Supplied data:
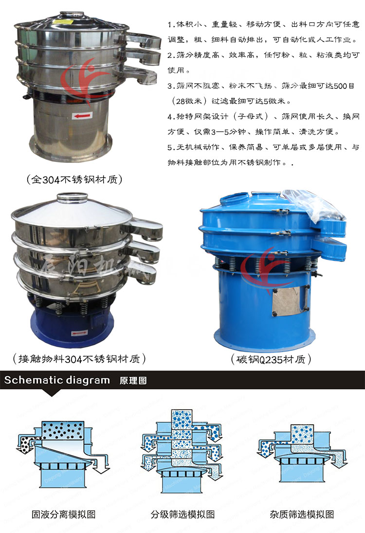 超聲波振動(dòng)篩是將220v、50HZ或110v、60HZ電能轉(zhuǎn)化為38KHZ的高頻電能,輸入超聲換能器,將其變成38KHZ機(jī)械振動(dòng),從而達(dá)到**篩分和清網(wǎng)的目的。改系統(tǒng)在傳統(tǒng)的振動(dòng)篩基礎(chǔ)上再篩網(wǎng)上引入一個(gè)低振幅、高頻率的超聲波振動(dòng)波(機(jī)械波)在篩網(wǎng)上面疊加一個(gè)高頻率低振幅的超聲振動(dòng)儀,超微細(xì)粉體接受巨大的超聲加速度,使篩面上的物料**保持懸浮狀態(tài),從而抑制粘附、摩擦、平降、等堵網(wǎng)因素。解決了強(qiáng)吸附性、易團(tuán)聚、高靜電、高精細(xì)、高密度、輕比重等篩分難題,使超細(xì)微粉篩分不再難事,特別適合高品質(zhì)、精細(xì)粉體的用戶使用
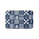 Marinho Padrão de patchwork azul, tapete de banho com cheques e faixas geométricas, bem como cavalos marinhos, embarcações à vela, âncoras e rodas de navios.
* * *
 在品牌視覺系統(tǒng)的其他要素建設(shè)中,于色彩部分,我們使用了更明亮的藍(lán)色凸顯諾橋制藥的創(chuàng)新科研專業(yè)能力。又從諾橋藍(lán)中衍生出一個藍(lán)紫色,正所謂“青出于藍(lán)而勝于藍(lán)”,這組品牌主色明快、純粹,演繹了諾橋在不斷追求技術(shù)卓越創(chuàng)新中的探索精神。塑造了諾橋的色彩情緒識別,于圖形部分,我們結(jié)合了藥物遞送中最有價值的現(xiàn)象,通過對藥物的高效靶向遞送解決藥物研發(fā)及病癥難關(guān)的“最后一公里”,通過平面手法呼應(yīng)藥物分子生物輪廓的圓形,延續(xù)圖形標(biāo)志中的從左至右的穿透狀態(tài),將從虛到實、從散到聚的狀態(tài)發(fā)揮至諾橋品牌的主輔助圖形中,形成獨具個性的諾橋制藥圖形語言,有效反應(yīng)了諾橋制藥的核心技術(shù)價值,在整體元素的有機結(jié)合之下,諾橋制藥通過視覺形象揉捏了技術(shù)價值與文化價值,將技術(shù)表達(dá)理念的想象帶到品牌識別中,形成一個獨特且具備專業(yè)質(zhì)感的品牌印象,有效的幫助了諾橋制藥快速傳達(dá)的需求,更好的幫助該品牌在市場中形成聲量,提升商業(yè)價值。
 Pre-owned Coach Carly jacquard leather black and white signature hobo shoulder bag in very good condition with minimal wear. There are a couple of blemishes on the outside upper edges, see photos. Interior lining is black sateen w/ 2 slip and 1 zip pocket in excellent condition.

What you should do: Your output should be the lines above from the one that contains "超聲波振動(dòng)篩是將" through the one that contains "Marinho Padrão de", word for word, with pictures left out.

Answer to the exercise:
 超聲波振動(dòng)篩是將220v、50HZ或110v、60HZ電能轉(zhuǎn)化為38KHZ的高頻電能,輸入超聲換能器,將其變成38KHZ機(jī)械振動(dòng),從而達(dá)到**篩分和清網(wǎng)的目的。改系統(tǒng)在傳統(tǒng)的振動(dòng)篩基礎(chǔ)上再篩網(wǎng)上引入一個(gè)低振幅、高頻率的超聲波振動(dòng)波(機(jī)械波)在篩網(wǎng)上面疊加一個(gè)高頻率低振幅的超聲振動(dòng)儀,超微細(xì)粉體接受巨大的超聲加速度,使篩面上的物料**保持懸浮狀態(tài),從而抑制粘附、摩擦、平降、等堵網(wǎng)因素。解決了強(qiáng)吸附性、易團(tuán)聚、高靜電、高精細(xì)、高密度、輕比重等篩分難題,使超細(xì)微粉篩分不再難事,特別適合高品質(zhì)、精細(xì)粉體的用戶使用
 Marinho Padrão de patchwork azul, tapete de banho com cheques e faixas geométricas, bem como cavalos marinhos, embarcações à vela, âncoras e rodas de navios.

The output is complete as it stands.